Here, what was found by Wang et al4 in the study is apparently new but there are some vaguenesses to be clarified such as interstitial cells and ICC, colonic migrating motor complexes (CMMCs), and slow waves. Firstly, whole muscle extracts would have contained protein from all cells of the layer including smooth muscle cells (SMCs), PDGFRα+, and neurons with which western blot for SK3 protein expression was not proper for PDGFRα+ cells, unless measured in cells sorted, or someway purified. Secondly, electrophysiological measurements have shown that a specific antagonist of SK channels on CMMCs which cannot be accounted for the targeting on PDGFRα+ cells since SMCs and neurons are also enriched with SK3. We provide here an example as shown in Figure 2 to illustrate isolated slow wave which may support the study of Wang et al.4 Slow wave activity was recorded in normal mice under the similar conditions as described by Wang et al,4 except for the presence of tetrodotoxin (TTX) 1 μM (neuronal activity blocker) and nifedipine 1 μM (L-type calcium channel blocker inhibiting muscular activity). This is the classic activity for slow waves reflecting ICC unique activity. Briefly, the slow wave was performed by extracellular recording in an organ bath (37℃) by using 10-cm tubular segment of proximal colon. The segment was flushed gently with Krebs solution. The oral end of the segment was mounted onto the tube for perfuse-in and distal end was attached to the tube for perfuse-out, in which the fluid was from oral to distal consistently and maintained the pressure for distension. Recording electrode was attached to the serosal side of the segment by suction. The signal from the electrode was amplified through a Grass ink writing amplifier-recorder. The segment was equilibrated in Krebs solution (37-38℃) saturated with 95% O2 and 5% CO2 for 1 hour. Activity was evoked and maintained by distension in presence of nifedipine 1 μM and TTX 1 μM. A regular slow wave shown in Figure 2A as a control to contrast to the following treatments. As shown in Figure 2B, application of NPPB (5-Nitro-2-[3-phenylpropylamino] benzoic acid, 10 μM) inhibited slow wave, which is consistent to the study.4 As shown in Figure 2C, the application of apamin (1 μM) did not affect the slow wave frequency illustrating that ICC are without SK3 channel, consistent with other studies.5,6 Note, the slow wave amplitude shown is above the half of average, thus not counted as change.


Financial support: None.

Conflicts of interest: None.

Author contributions: Jianlin Lv and Meng Xia performed the experiment and contributed equally to this study; Zengzi Zhou involved manuscript and revising; and Zhenbin Hu designed the study.

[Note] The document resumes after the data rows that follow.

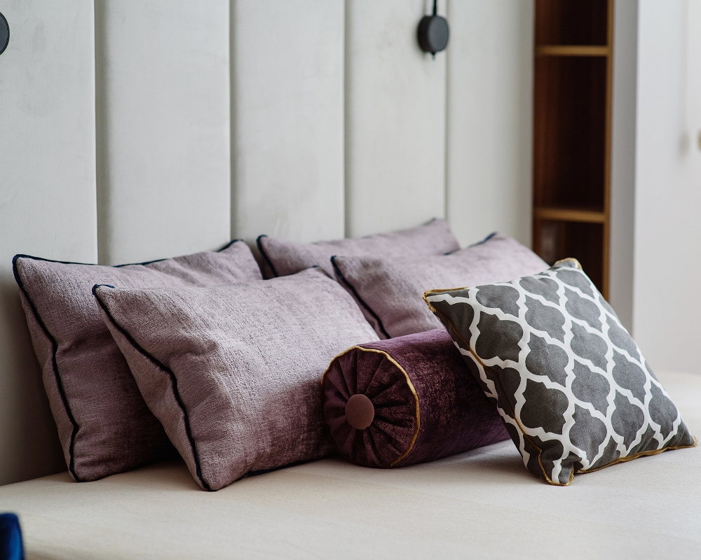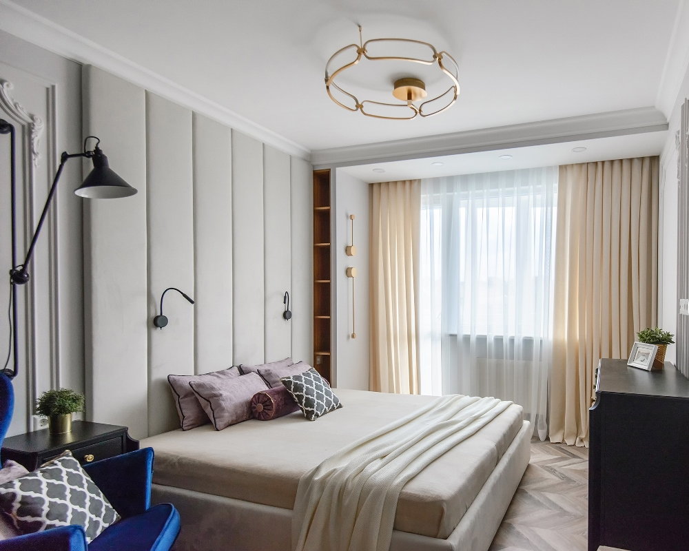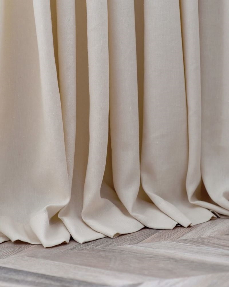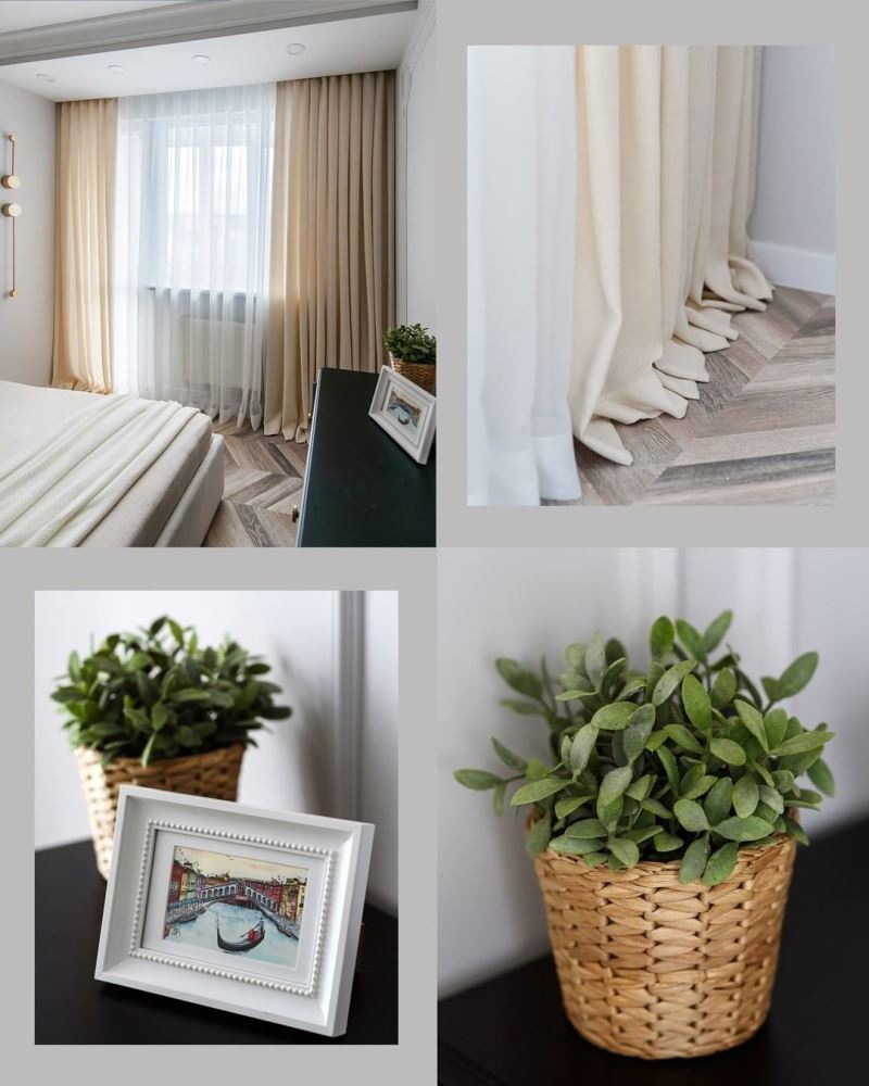 Спокойные мягкие тона гармонично сочетаются с изголовьем кровати и стенами. Струящаяся драпировка портьеры особенно красива в солнечных лучах.
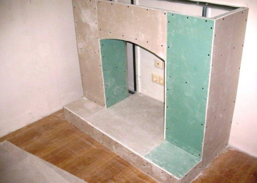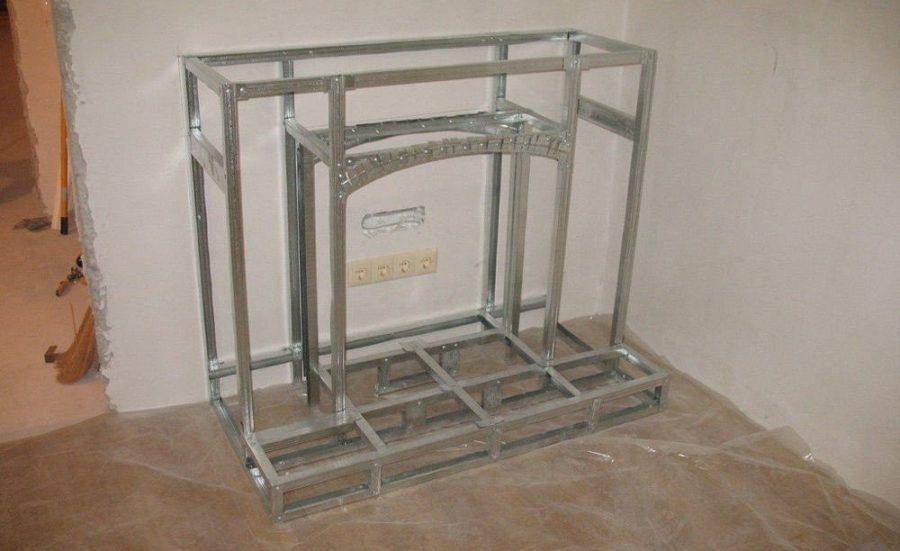 По вышеуказанному принципу создают дымоход (можно обойтись и без него). Обычно он имеет ширину равную порталу, но выступает меньше. Если его используют для навески телевизора, то место фиксации дополнительно усиливают перемычками из профилей.
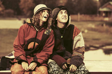 Happy young fashion hippie couple outdoor
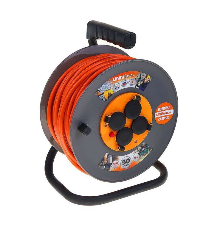 Удлинитель на катушке 4х50м с заземл. 16А IP44 ВЕМ-250 ПВС 3х1.5 термозащита с защ. крышкой UNIVersal 9634176
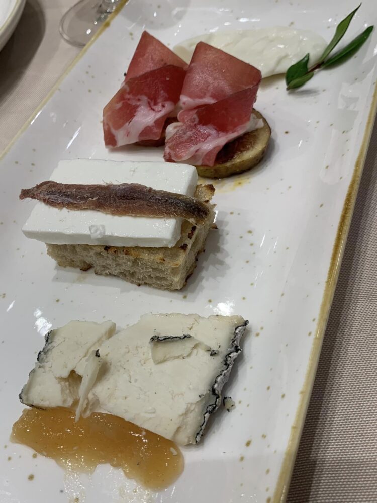 La Chioccia d’Oro, fico bianco del Cilento con caprino, prosciuttella e cipolla
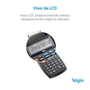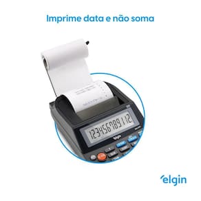 Calculadora de 12 dígitos com impressão em bobina, portátil, display LCD e alimentação por fonte opcional ou pilha. Cálculos de vendas comerciais, cálculo com taxas, seletor de impressão, memória, seletor de arredondamento, seletor de decimais, correção dígito a dígito, porcentagem, duplo zero, impressão monocromática e rolete entintado IR-40.
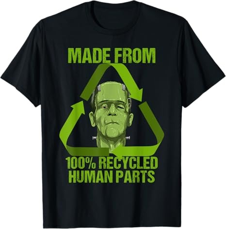 We use DTG Technology to print Frankenstein Made From 100% Recycled Human Parts Halloween T-Shirt.
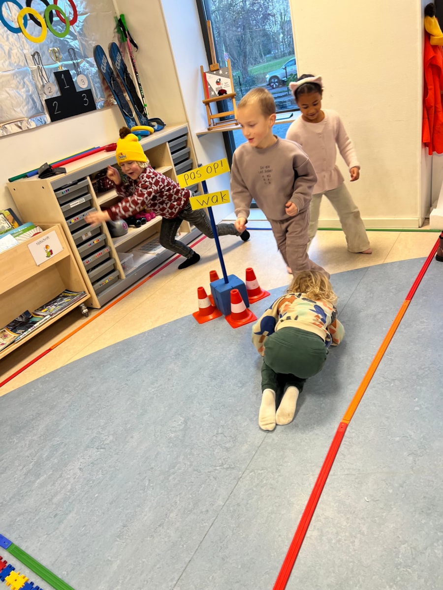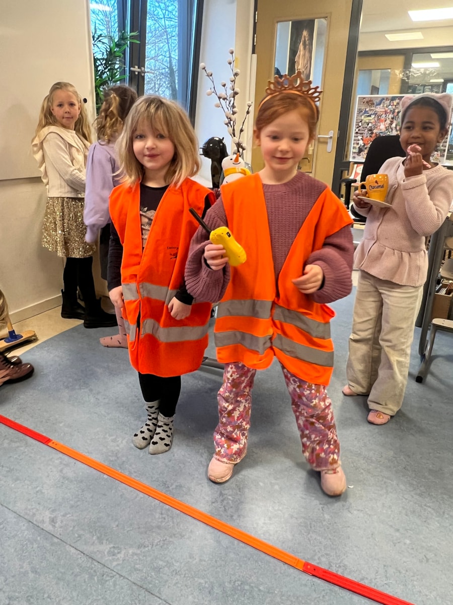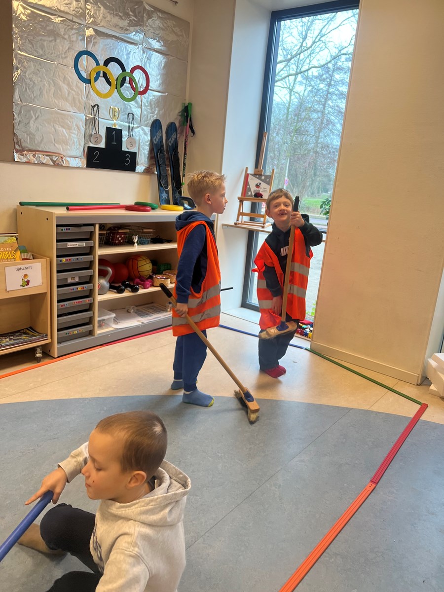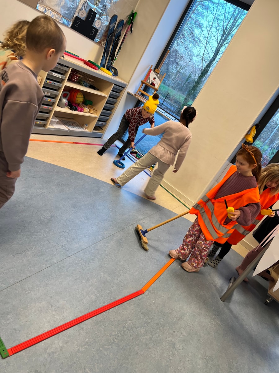Maar oh nee… er zat een gat in het ijs, oftewel een wak! Samen hebben we onderzocht hoe we dit probleem kunnen oplossen én voorkomen. We ontdekten dat daar ijsmeesters voor nodig zijn. Deze taak werd zeer serieus genomen: de ijsmeesters trekken hun werkhesje aan en boenen het ijs weer mooi glad en veilig.
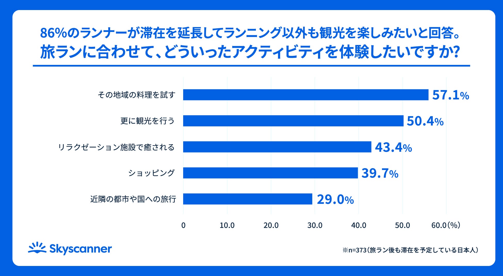 最後に、旅ランではランニング以外にどういった楽しみ方をしたいと考えているのか、を調査いたしました。「旅ランを計画する場合、どのくらい滞在を延長して観光を楽しみたいと思いますか?」という質問に対して、約86%が1日以上滞在を計画したい、と回答する結果に。更に体験したいアクティビティについても質問を行ったところ、「その地域の料理を試す」(57%)、「更に観光を行う」(50%)、「リラクゼーション施設で癒される」(43%)が上位を占める結果に。これらの結果からも、目的型の旅行ならではの、走るだけでは終わらず旅行先で更に楽しもうとするスタイルが定着しています。
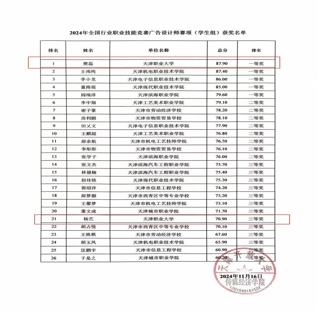 为深入贯彻落实习近平总书记对技能人才工作的重要指示和致首届全国技能大赛精神,打造KY开元“海河工匠”艺工品牌,大力弘扬劳模精神、劳动精神、工匠精神,KY开元艺工学院教师朱赫男、罗媛指导学生樊磊、杨艺参加市人社局举办天津开放大学承办的2024年“海河工匠杯”技能大赛全国轻工行业职业技能竞赛广告设计师赛项荣获一等奖和三等奖。
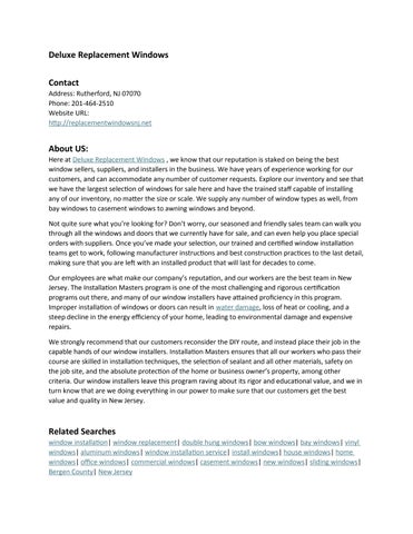 Phone: 201-464-2510 About US: Here at Deluxe Replacement Windows , we know that our reputation is staked on being the best window sellers, suppliers, and installers in the business. We have years of experience working for our customers, and can accommodate any number of customer requests. Explore our inventory and see that we have the largest selection of windows for sale here and have the trained staff capable of installing any of our inventory, no matter the size or scale. We supply any number of window types as well, from bay windows to casement windows to awning windows and beyond. Related Searches window installation| window replacement| double hung windows| bow windows| bay windows| vinyl windows| aluminum windows| window installation service| install windows| house windows| home windows| office windows| commercial windows| casement windows| new windows| sliding windows| Bergen County| New Jersey Additional Details Working Hours: Mon Fri 10am 6pm Sat 10am 3pn Payment Accepted: All cc, cash GMB Listing https://www.google.com/maps?cid=9223761483432173937

Fig. 1. Anatomic changes by comparison of the weight (A) and thickness (B) (n = 7, *P < 0.05). Comparing the expression of Kit (C) and Ano1 (D) in the colonic muscle layers using densitometric quantification (n = 6; *P < 0.05, partial colon obstruction [PCO] vs control [Con]; #P < 0.05, proximal vs distal). Western blot analysis of platelet-derived growth factor receptor-α (Pdgfra) (E) and SK3 (F) (n = 6; *P < 0.05, PCO vs Con; #P < 0.05, proximal vs distal). All figures are reorganized from the study by Wang et al.4

Fig. 2. Slow wave activity affected by NPPB (5-Nitro-2-[3-phenylpropylamino] benzoic acid), not by Apamin. (A) Normal slow-wave activity in control condition. (B) Slow-wave activity in application of NPPB (10 μM). (C) Slow-wave activity in application of Apamin (1 μM). Note a complete washout was through between 2 applications. (D) A summary of slow wave frequency changes from A-C (n = 4, *P < 0.05).